A parsimony analysis of a data matrix including 72 taxa and 426
characters (cranial and postcranial) has been undertaken with TNT and
Paup 4b10. The matrix includes several stem eutherians and
representatives of the four major clades of Placentalia:
Laurasiatheria, Euarchontoglires, Xenarthra, and Afrotheria.

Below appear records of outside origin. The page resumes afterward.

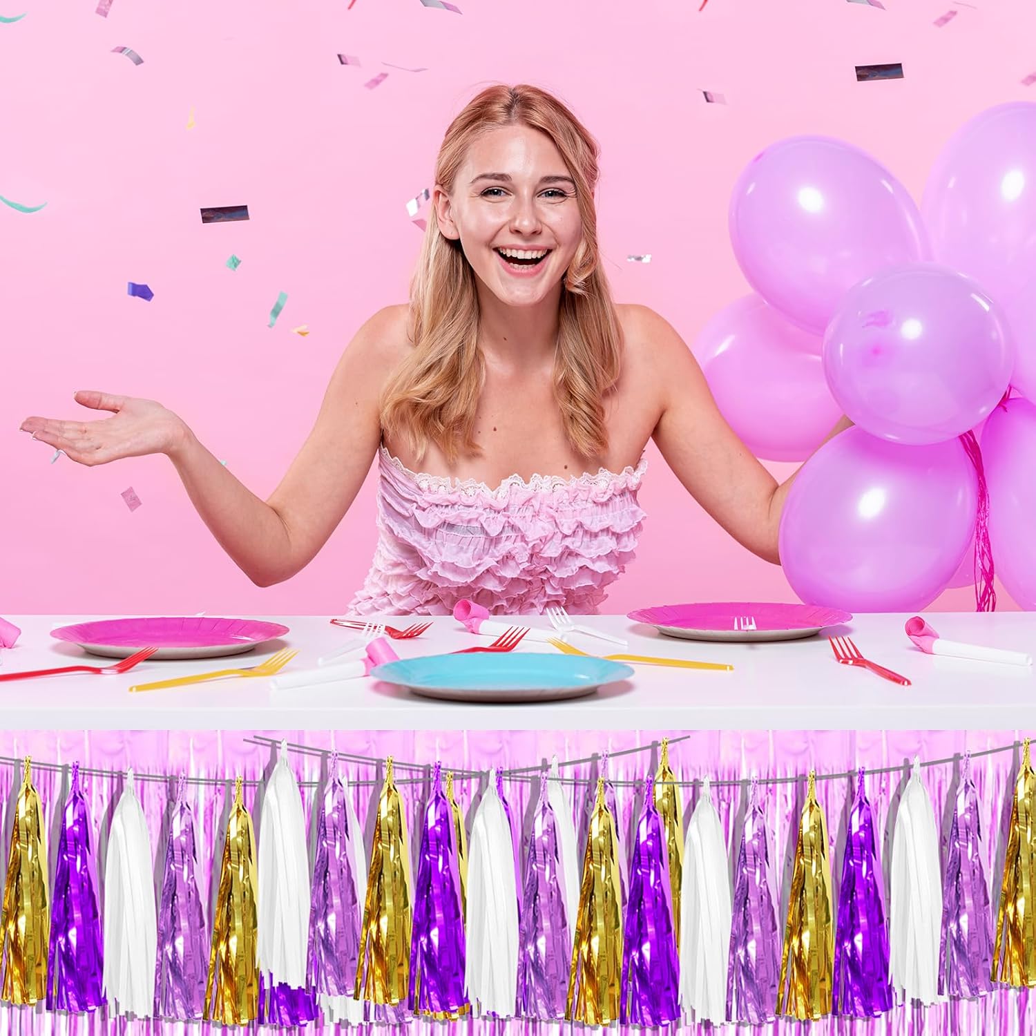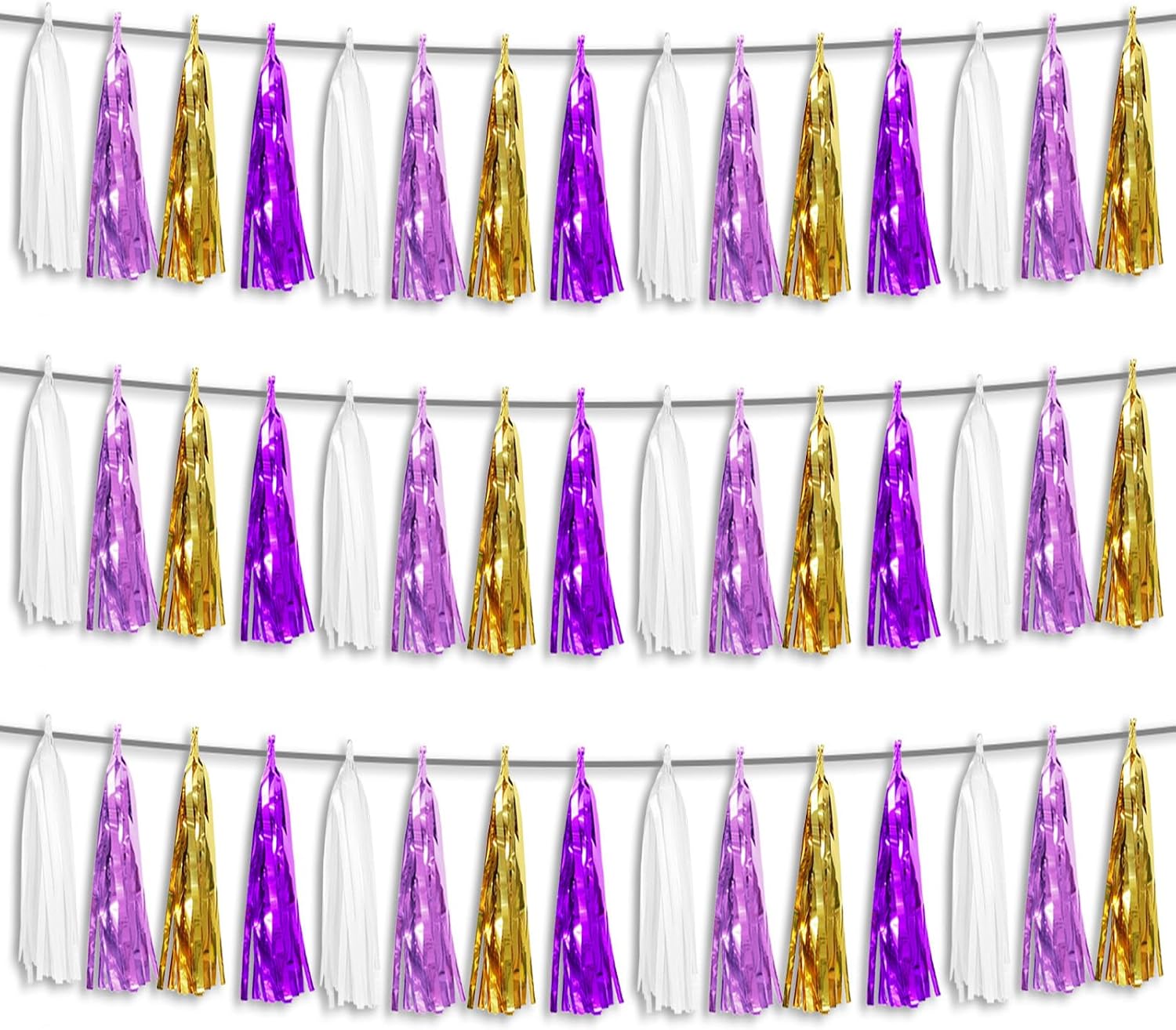 • 【White Light Purple Purple Gold Party Supplies Set】: The total length of the white light purple purple gold birthday tassels banner is 29.5 feet 45tassels, divided into 3 strips, each 9.8 feet long. Each banner contains 15 tassels, and each tassel measures 14 inches, for birthday decorations many occasions, and so on
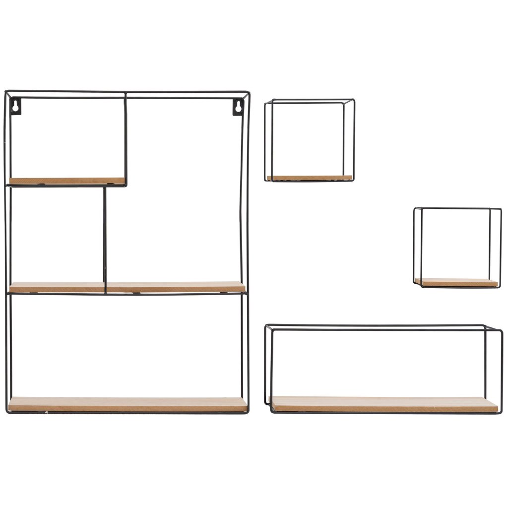 Tutumi, 4 db fém fali polc készlet Ipari 50x40x10 cm 391883, fekete-barna, HOM-09063
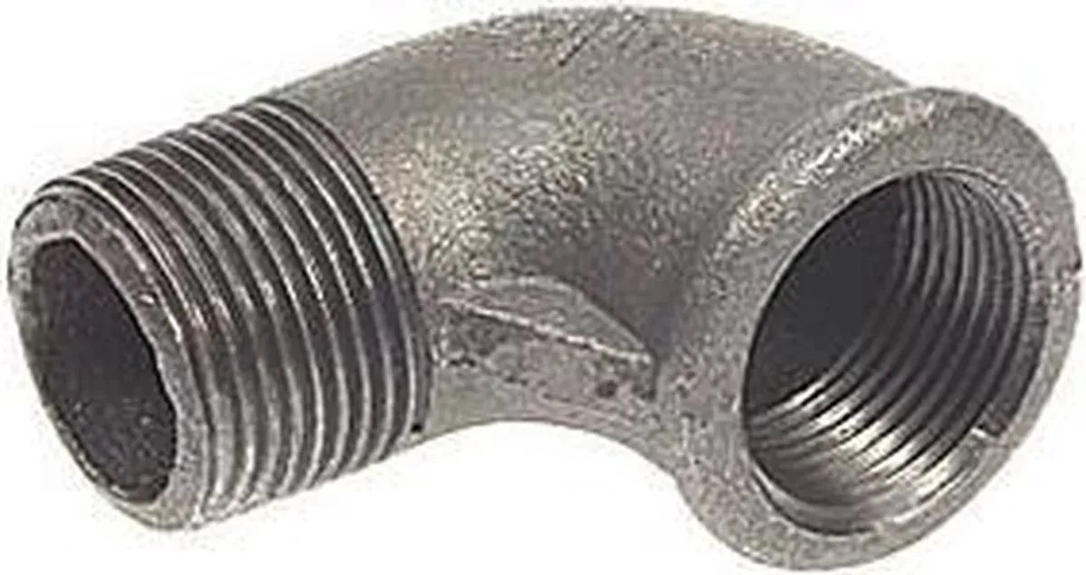 Zwart gietijzeren fitting met Whitworth buisdraad. DVGW en SVGW gecertificeerd en onbeperkt inzetbaar voor gas- en drinkwaterinstallaties.
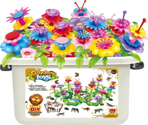 W zestawie znajdują się różnorodne elementy do budowy kolorowych kwiatów oraz miniaturowe figurki zwierząt, które sprawiają, że zabawa staje się jeszcze bardziej realistyczna. Dzieci mogą eksperymentować z kolorami i formami, tworząc unikalne aranżacje, które rozweselą ich wyobraźnię.
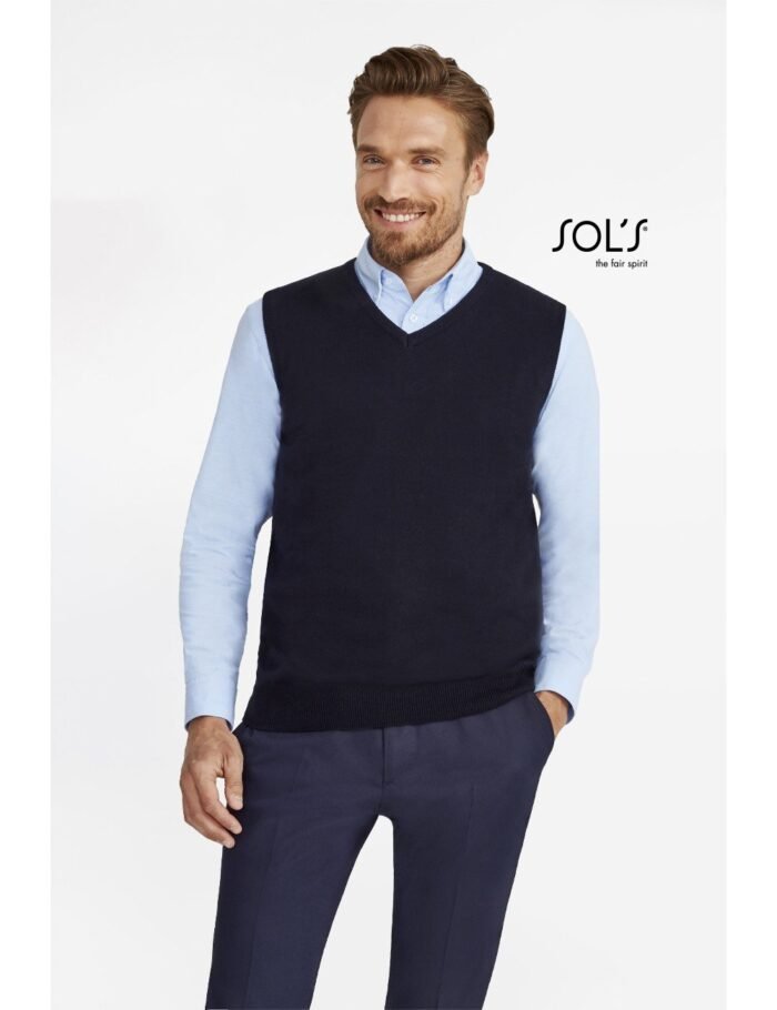 Λαιμόκοψη “V” – Μανικοκόλληση με εξωτερικές ραφές – Μοντέρνες μασχάλες – Ελαστικό ριπ στις μανσέτες και τη μέση – Πλεκτή
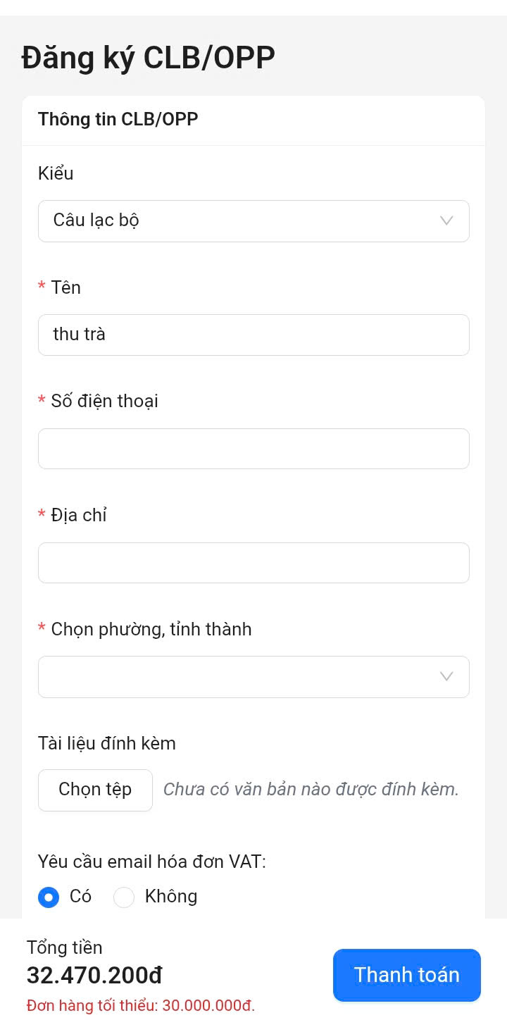 - Bước 4: Người dùng điền đầy đủ thông tin đăng ký CLB / OPP theo biểu mẫu hiển thị.
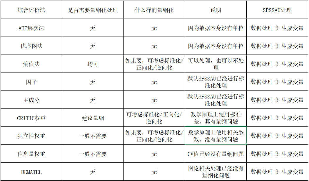 九种常用权重计算方法是否需要量纲化处理、需要进行什么样的量纲化处理详见下表:

Furthermore, because one of the major aims of this analysis is to test
possible close phylogenetic relationships of Alcidedorbignya inopinata
with the five orders of South American “ungulates”, 12 taxa belonging
to the Notoungulata, Astrapotheria, Litopterna, Pyrotheria and
Xenungulata, were included in the matrix. Two analyses were performed:
one unconstrained and one with a backbone constraint based on the
latest molecular phylogenies. One of the main results of these
analyses is the high level of homoplasy detected by the low retention
index (RI close to 0.5; CI inferior to 0.2), which indicates that half
of the similarities present in the matrix are interpreted as
homoplasies. Nevertheless, some interesting observations emerge. In
both analyses, all members of Pantodonta are closely related and
included in the Placentalia, and the Eocene “cimolestid” taxon
Didelphodus, which has been regarded as closely related to pantodonts,
is their sister-group. In the constrained analysis, the Pantodonta are
monophyletic and included in the Laurasiatheria; Didelphodus and the
pantodonts are clustered with the Tillodontia, either as their sister
group or included in a clade also comprising some “condylarths”. In
the unconstrained analysis the xenungulate Carodnia is included within
the Pantodonta as the sister group of Coryphodon, this clade being
part of a large basal polytomy of placental lineages. Both analyses
agree with a northern origin of the South American pantodont
Alcidedorbignya as it is nested within northern taxa. Furthermore, no
close relationship of Alcidedorbignya with South American endemic
ungulates is supported, except for pantodont-xenungulate affinities in
the unconstrained analysis. In the constrained analysis the five
groups of South American endemic “ungulates” are gathered in a single
clade included in the laurasiatheres but not directly related to
pantodonts. Finally, the rather apical position of Alcidedorbignya in
both analyses may be considered as an argument for a pre-K-Pg
placental diversification, as this taxon is dated at c. 65 Ma, nearly
coincident with the end of the Cretaceous.